Naar de uitingsvormen der kunst geven we het volgende overzicht:
a) graven. In tegenstelling met de lijkverbranding bij de eigenlijke Italici vindt men reeds in de oudste tijden der Etruskers het begraven van het lijk in de zgn. fosse (grafkuilen). Speciale grafvormen zijn: de tombe a corridoio, gangvormige graven, in de rots uitgehouwen; de circoli, ronde grafheuvels met meerdere graven binnenin; de koepelgraven, soms met vierhoekigen onderbouw (vgl. → Myceensche graven); en vooral de in de rotsen uitgehouwen of soms uit rotsblokken kunstmatig opgebouwde grafkamers, veelvuldig versierd met reliëfs en muurschilderingen (→ Caere; → Praeneste). Opvallend zijn in de oudste graven de kunstvoorwerpen van Egyptische, Phoenicische en Grieksche afkomst.
b) Bouwkunst. Deze is ons het meest bekend uit hun tempels. Gebouwd op een hoogen onderbouw bezaten zij een ruime, op zuilen steunende voorhal, waarachter in verband met hun godentrias drie godencellae naast elkander: templum tripartitum () (Lat., = driedeelige tempel). Hieruit ontwikkelde zich de Romeinsche tempel. De zuilen van den Etruskischen tempel rustten op een voetstuk, hadden een gladde schacht en werden bekroond door een gewelfden → echinus, die aan den Dorischen bouwtrant doet denken. De bovenbouw bestond uit hout en het balkwerk was met terra-cottaplaten bedekt; ook de gevelgroepen en acroteria waren van gebakken leem. Beteekenisvolle resten zijn gevonden o.a. in Marzabotto, Tarquinii, Veii, Fiesole. Van de profane bouwwerken der Etrusken is ons weinig bekend. Hun ommuurde steden lagen gewoonlijk op een heuvel, o.a. Cortona, Vetulonia, Fiesole. Het schema van hun stratennet is ons bekend uit Marzobotto. Zeker in hun stedenbouw, waarschijnlijk ook in hun bogenbouw bij bruggen en poorten hebben de Etruskcn grooten invloed uitgeoefend op de Romeinen.

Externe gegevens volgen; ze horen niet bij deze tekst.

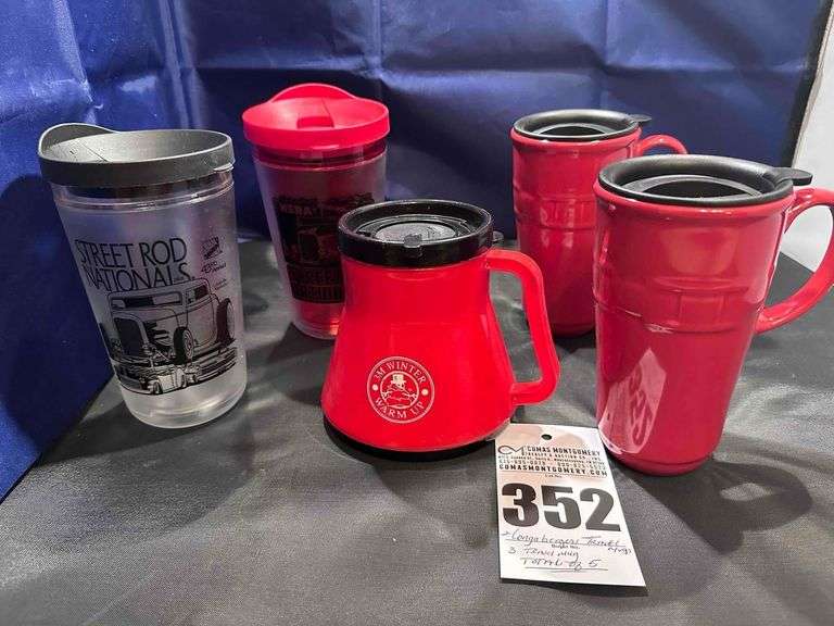 LOT 352 - 5-Total travel mugs 2-Longaberger Travel Mugs, 2-Tervis, 1- Aladdin

c) Plastiek. Marmer ontbreekt; het gewone materiaal is tufsteen, kalken zandsteen, albast en travertijn, ook speciaal als tempelversiering terracotta en leemen figuren. Bekend is de Archaïsche Apollo van Veii, terwijl uit de 5e en 4e eeuw v. Chr. merkwaardige specimina van een aparten stijl in zandsteenreliëfs uit Felsina bewaard zijn, de zgn. Certosastijl. De bronsplastiek is vooral in kleinere wijgeschenken vertegenwoordigd. Onder de grootere bronzen voorwerpen zijn o.a. bekend de Mars van Todi in het Vaticaansch Museum (4e eeuw v. Chr.) en de → Chimaera van Florence. Hun portretkunst getuigt van sterke veristische tendenzen.
d) Schilderkunst. De beste getuigenissen van de Etruskische schilderkunst leveren de fresco’s van de Etruskische grafkamers, opkomend in de 6e eeuw, met een hoogen bloei in de 5e en 4e e., waarna een snel verval intreedt. Een eerste groep muurschilderingen, vooral 6e eeuw, staat sterk onder invloed van Corinthische en Ionische voorbeelden; de scènes zijn uit de mythologische wereld, de kleuren als bij de ceramiek. De oudste schilderingen zijn uit de Grotta Campana in Veii (misschien nog 7e eeuw). Een tweede groep, 6e en 5e eeuw, vooral in Cometo vertegenwoordigd, omvat vooral scènes uit het dagelijksch leven en uit den doodencultus: maaltijden, dansen, wedstrijd, jacht en vischvangst, doodenklacht. Een derde groep, vertegenwoordigd in Cometo en vooral in Chiusi, vertoont verband met den Attischen rood-figurenstijl van de 5e eeuw, en is veel levendiger in voorstelling en gelaatsuitdrukking. Een vierde groep, beïnvloed door de Grieksche schildertechniek uit den tijd van den Peloponnesischen Oorlog, geeft levendige voorstellingen uit de onderwereld, waarbij mythische wezens als Charun en Tuchulcha een rol spelen.
e) Kleinkunst en ceramiek. Allerlei voorwerpen uit de kleinkunst wijzen op de hooge ontwikkeling van de goudsmeedkunst en bronstechniek der Etrusken, met name fijn geciseleerde voorstellingen op de achterzijde van bronzen spiegels. Naast invoer van Grieksche vazen vindt men in de 7e eeuw drie inheemsche ceramieksoorten: een ruw aardewerk, dat spoedig plaats maakt voor de zgn. Buccherovazen, waarnaast een roode ceramiek met gestempelde reliëfs. De Etruskische ceramiek schijnt in het verloop der eeuwen sterk beïnvloed te zijn geweest door Grieksche en Grieksch-Campaansche ceramiek.
W. Vermeulen Lit.: Ducati, Storia dell’ arte Etrusca (1927); Mühlestein, Die Kunst der Etrusker (1929).